According to the Department of Health, more than 3.6 million children take part in sport each year. Sports, particularly team sports, are thought to teach a variety of life skills for kids: working with others to achieve a goal, perseverance, humility and communication. There’s a strong culture of sport and physical activity in Australia –  whether it’s chasing the ball at lunchtime or kicking, hitting, or throwing one at the weekend. But is there a connection between sports involvement and academic achievement? That’s what researchers from the University of Sydney set out to discover in a recent study.

Researchers used data from the Longitudinal Study of Australian Children – which follows 10,000 children and their families, beginning in 2003 and has tracked the children into adulthood.

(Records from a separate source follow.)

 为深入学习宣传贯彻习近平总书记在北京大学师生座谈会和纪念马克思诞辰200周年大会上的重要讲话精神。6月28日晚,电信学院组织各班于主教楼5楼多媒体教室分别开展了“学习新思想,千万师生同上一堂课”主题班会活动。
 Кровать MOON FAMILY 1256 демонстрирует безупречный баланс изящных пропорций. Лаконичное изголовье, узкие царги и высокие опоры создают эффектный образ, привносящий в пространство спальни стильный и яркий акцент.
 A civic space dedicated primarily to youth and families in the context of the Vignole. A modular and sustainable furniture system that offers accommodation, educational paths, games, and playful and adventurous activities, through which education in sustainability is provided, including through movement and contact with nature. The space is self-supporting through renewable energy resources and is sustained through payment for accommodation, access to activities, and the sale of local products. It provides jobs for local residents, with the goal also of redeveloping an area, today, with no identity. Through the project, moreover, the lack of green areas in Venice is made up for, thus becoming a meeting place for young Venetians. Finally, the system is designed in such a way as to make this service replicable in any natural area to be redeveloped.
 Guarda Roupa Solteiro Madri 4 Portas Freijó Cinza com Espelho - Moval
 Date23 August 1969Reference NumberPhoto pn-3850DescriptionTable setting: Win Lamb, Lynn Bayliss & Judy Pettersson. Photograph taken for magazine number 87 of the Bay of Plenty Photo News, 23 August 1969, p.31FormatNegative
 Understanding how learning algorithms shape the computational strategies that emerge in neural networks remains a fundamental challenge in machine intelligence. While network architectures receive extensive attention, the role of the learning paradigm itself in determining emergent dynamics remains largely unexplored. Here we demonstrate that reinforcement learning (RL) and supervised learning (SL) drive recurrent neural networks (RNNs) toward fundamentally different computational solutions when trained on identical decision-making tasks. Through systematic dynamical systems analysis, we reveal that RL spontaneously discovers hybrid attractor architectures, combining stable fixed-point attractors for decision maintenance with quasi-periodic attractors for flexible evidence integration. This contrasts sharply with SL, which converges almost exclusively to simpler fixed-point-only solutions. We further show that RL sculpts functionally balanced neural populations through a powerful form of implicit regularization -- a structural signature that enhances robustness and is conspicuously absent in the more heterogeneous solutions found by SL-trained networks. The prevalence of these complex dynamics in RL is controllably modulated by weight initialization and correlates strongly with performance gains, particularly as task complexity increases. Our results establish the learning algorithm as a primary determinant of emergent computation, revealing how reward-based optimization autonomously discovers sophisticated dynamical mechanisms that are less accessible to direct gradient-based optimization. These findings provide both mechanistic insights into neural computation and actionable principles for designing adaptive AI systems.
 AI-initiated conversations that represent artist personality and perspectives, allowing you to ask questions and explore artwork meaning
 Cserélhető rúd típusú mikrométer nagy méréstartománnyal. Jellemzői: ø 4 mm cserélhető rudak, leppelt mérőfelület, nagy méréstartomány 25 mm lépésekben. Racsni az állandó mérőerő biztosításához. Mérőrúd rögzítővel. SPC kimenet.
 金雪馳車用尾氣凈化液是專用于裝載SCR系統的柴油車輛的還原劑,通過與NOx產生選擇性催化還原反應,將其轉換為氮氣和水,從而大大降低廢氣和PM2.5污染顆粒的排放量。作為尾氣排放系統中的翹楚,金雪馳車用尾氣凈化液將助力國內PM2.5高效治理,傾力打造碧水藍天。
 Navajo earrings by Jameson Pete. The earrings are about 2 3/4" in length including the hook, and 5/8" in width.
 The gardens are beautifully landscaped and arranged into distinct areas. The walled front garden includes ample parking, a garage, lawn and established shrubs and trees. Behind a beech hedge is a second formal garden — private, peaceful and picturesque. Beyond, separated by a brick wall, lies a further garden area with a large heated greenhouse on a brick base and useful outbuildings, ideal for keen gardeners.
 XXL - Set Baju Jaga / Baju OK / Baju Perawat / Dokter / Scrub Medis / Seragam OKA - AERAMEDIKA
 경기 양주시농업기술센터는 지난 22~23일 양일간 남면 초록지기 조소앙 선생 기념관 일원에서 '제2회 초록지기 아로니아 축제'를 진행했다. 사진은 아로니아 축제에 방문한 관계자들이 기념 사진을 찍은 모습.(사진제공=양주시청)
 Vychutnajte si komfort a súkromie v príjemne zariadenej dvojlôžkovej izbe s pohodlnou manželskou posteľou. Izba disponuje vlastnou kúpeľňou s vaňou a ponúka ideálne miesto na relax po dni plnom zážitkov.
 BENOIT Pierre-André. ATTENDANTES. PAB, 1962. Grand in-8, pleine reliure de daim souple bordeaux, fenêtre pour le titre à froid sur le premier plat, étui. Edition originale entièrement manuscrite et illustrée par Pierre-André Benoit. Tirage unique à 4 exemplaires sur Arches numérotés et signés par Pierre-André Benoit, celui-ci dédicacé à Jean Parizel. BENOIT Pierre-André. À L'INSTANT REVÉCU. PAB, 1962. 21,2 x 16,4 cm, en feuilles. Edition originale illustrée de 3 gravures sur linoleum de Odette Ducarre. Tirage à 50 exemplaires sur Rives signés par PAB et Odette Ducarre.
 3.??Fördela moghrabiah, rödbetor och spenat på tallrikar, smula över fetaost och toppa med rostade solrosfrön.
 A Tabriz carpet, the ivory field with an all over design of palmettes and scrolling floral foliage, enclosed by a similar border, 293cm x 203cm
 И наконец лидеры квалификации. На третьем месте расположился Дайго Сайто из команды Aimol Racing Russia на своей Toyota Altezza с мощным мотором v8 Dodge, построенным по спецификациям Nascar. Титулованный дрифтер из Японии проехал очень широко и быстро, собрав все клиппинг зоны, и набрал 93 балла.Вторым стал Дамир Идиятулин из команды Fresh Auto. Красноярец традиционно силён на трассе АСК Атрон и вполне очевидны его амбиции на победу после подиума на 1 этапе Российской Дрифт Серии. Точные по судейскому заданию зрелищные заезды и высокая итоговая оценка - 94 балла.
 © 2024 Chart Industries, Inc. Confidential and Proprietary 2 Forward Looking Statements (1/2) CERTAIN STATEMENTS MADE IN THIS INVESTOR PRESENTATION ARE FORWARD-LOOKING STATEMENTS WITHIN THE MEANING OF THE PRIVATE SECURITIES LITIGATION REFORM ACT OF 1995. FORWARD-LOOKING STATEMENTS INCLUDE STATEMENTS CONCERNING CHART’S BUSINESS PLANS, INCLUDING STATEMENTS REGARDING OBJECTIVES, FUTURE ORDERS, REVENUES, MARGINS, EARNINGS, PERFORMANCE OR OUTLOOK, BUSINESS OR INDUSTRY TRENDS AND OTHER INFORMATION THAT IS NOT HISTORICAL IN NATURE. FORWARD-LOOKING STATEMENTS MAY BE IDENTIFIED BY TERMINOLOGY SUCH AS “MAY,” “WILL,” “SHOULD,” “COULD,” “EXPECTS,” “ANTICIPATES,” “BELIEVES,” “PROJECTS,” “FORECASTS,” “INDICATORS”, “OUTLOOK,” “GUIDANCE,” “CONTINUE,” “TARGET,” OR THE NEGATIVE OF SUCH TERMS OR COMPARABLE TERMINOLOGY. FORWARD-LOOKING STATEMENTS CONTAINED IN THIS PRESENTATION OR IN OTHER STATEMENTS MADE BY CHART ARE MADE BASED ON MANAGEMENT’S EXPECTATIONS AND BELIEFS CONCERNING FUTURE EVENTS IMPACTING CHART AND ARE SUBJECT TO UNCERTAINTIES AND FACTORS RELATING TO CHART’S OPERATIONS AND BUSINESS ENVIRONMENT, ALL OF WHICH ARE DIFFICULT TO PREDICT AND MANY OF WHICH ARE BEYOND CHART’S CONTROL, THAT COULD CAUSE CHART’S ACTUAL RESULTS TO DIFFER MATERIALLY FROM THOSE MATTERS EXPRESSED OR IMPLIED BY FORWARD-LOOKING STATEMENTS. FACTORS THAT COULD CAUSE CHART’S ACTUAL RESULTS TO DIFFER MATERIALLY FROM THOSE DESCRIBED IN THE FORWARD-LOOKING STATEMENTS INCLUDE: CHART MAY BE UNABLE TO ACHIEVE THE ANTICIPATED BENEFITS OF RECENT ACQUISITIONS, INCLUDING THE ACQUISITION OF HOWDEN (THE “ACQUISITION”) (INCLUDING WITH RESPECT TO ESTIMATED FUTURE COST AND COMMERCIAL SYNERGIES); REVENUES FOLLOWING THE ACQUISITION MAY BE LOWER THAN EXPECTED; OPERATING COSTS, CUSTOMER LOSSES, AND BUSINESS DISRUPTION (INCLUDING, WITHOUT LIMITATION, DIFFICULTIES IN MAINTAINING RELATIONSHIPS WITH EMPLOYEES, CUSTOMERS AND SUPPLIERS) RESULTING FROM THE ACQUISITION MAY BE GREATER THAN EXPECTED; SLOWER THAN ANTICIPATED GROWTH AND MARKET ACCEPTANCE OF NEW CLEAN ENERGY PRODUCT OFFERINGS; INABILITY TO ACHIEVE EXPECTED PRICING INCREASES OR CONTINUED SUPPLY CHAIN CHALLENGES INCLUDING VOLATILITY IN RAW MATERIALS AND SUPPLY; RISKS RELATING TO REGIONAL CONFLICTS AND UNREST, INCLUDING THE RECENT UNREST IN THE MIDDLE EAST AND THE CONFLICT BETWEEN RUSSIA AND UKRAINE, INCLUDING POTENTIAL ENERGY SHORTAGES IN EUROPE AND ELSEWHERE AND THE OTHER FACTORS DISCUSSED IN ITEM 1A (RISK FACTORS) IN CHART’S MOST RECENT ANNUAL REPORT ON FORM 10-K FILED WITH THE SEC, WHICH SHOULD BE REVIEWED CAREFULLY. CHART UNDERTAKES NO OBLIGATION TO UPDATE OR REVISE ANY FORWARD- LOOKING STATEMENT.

It captures a range of data points, including health, physical activity, sport and educational outcomes. One cohort was analysed – about 4,200 kids who were followed from ages four-five to 20-21. Researchers looked at their sport participation, whether it was a team or individual sport (assessed by self-reporting), and educational outcomes such as school absenteeism, attention, working memory, school academic performance and university enrolment. The results were adjusted for factors such as sex, maternal education, socioeconomic status and remoteness.

Researchers found that continuing to participate in sport through a child’s school years had several positive associations. Kids who played sport consistently performed better on memory and attention tasks and had higher numeracy and literacy scores, as well as lower absenteeism. Children weren’t more likely to receive the Higher School Certificate if they played sports, but they did have higher academic performance overall and were also more likely to go on to university. There were slight differences in the results between individual and team sports, but broadly both trended towards having a positive effect on educational outcomes.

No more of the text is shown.